◆ Your instructions
In your reply, print every line of the listing exactly and omit all images.

◆ Information supplied
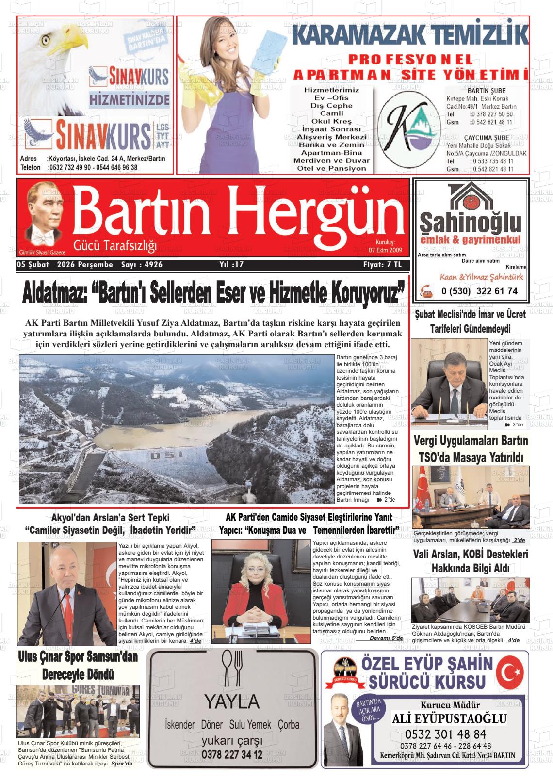 Bartın Yerel Gazeteleri 30 Ocak 2026, Cuma Günü Manşeti
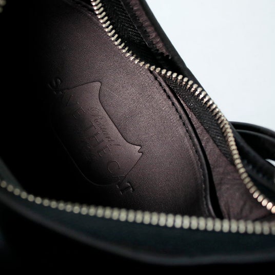 内側のポケットには、ころんとしたかわいい猫型とSAVE THE CATの刻印。
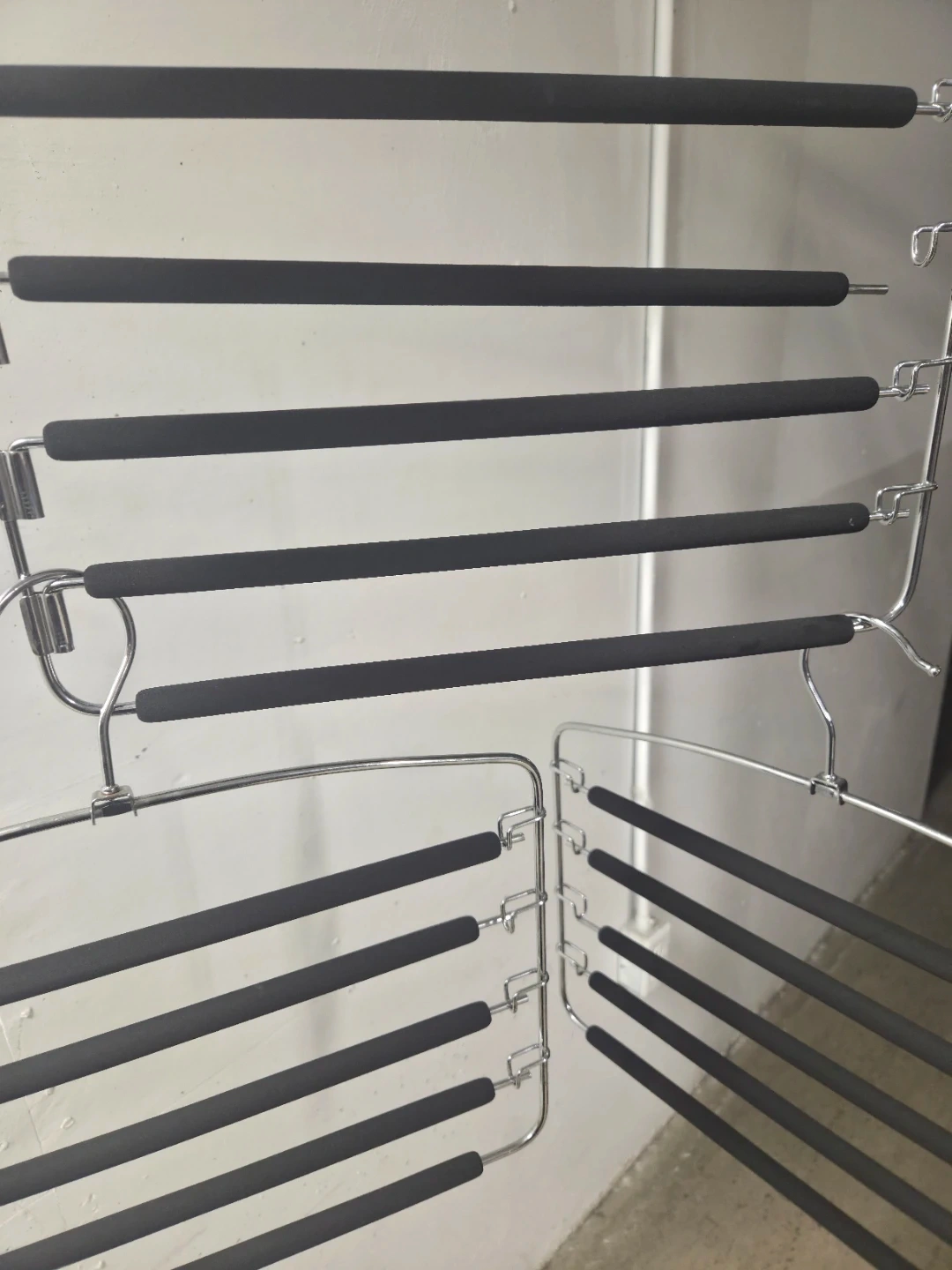 70Selling a 6 x multi-layer pants &. Clothe hanger! It's a great way to organize your closet and save space. The hanger is made of metal and has a padded design to prevent creases or slips in your clothes.

◆ Expected answer
 Bartın Yerel Gazeteleri 30 Ocak 2026, Cuma Günü Manşeti
 内側のポケットには、ころんとしたかわいい猫型とSAVE THE CATの刻印。
 70Selling a 6 x multi-layer pants &. Clothe hanger! It's a great way to organize your closet and save space. The hanger is made of metal and has a padded design to prevent creases or slips in your clothes.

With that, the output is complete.